Thanks! It’s defintely more stuff like long term stuff, helping me schedule stuff or make appointments, reminding me to stop avoiding opening my mail, etc. And there’s lots of stuff I help then with, their blindspots and weaknesses.
That’s what I think makes a good relationship - being with someone with complementary skills, who you trust, who wants the best for you, and who it’s a pleasure to help not just because you love them, but because what they find impossible is easy for you (and vice versa).
When I was getting settled on my dose the doctor told me to keep upping the dose until things got worse rather than better. And there was defintely a point (54mg xaggatin, a slow release concerta type) where it was too much, I didnt want to relax I just wanted to get shit done. I’m sure it could have been efficient but it didn’t feel like me, and felt kinda stressy. So I’ve been on the dose below that (36mg) for a couple of years.

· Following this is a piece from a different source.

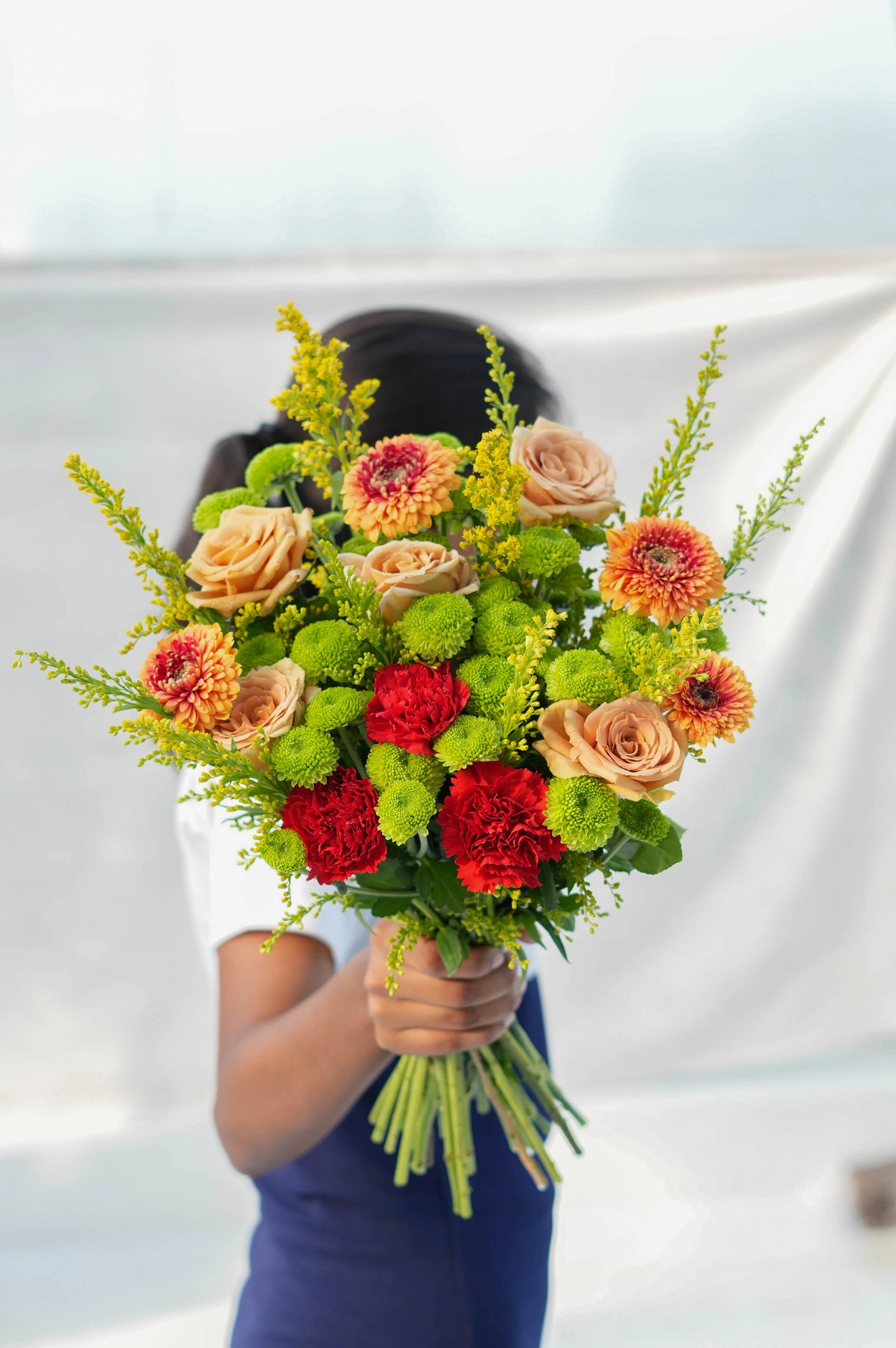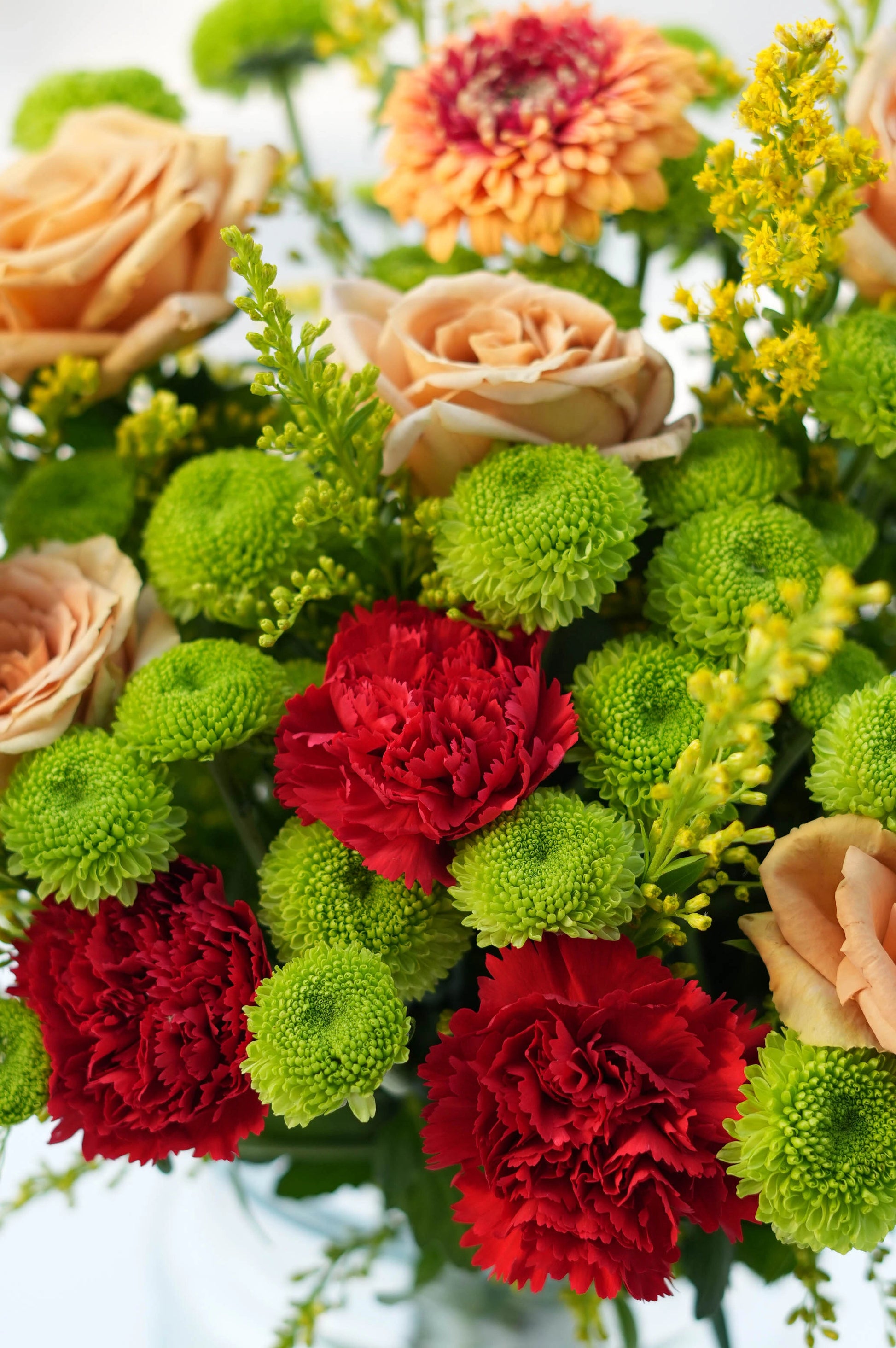 What's in your bouquet - Chrysanthemums, Roses, Calimero, and Golden Rod
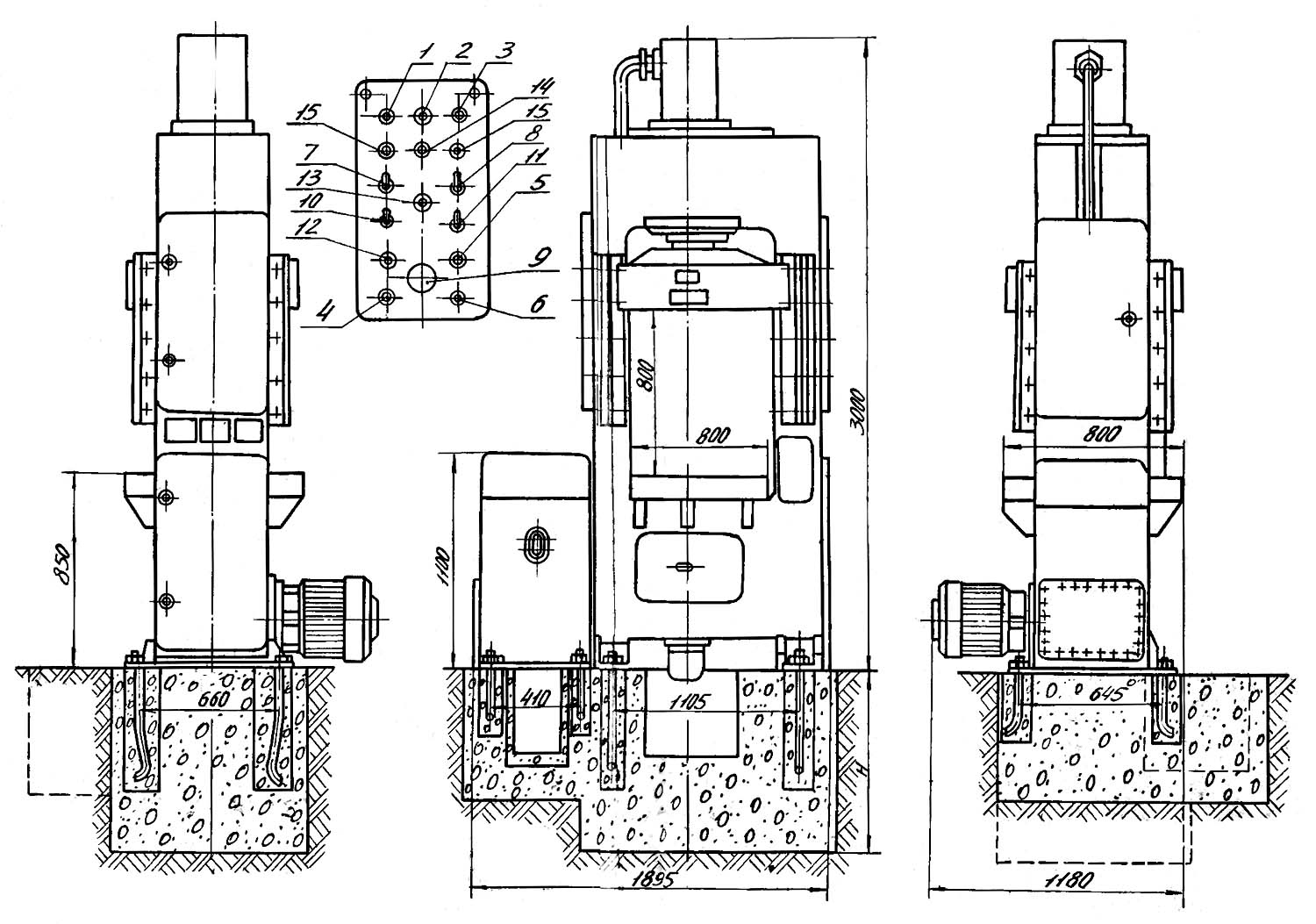 Горизонтальная массивная плита з центральным отверстием і Т-образными пазами является столом пресса.

The amazing novelty wears off, and i can go back to my old avoidance routines, especially if I’m tired or sick, or anxious about something. But when my mood is good, and I’m taking care of myself, I can be efficient and focus on stuff well, while before that wad almost impossible unless I had a last minute deadline to panic me into focus.
The way I think about it is the drugs don’t make it easy for me to focus, they just make it possible. So now I can do all those things people said before about breaking tasks down, and setting manageable goals and stuff to make tasks achievable. It’s not easy, but it isn’t easy for most people. It’s just no longer impossible. But it takes a lot relearning, trying out things that wouldn’t have worked before and it doesn’t always work. But it’s so much better than before.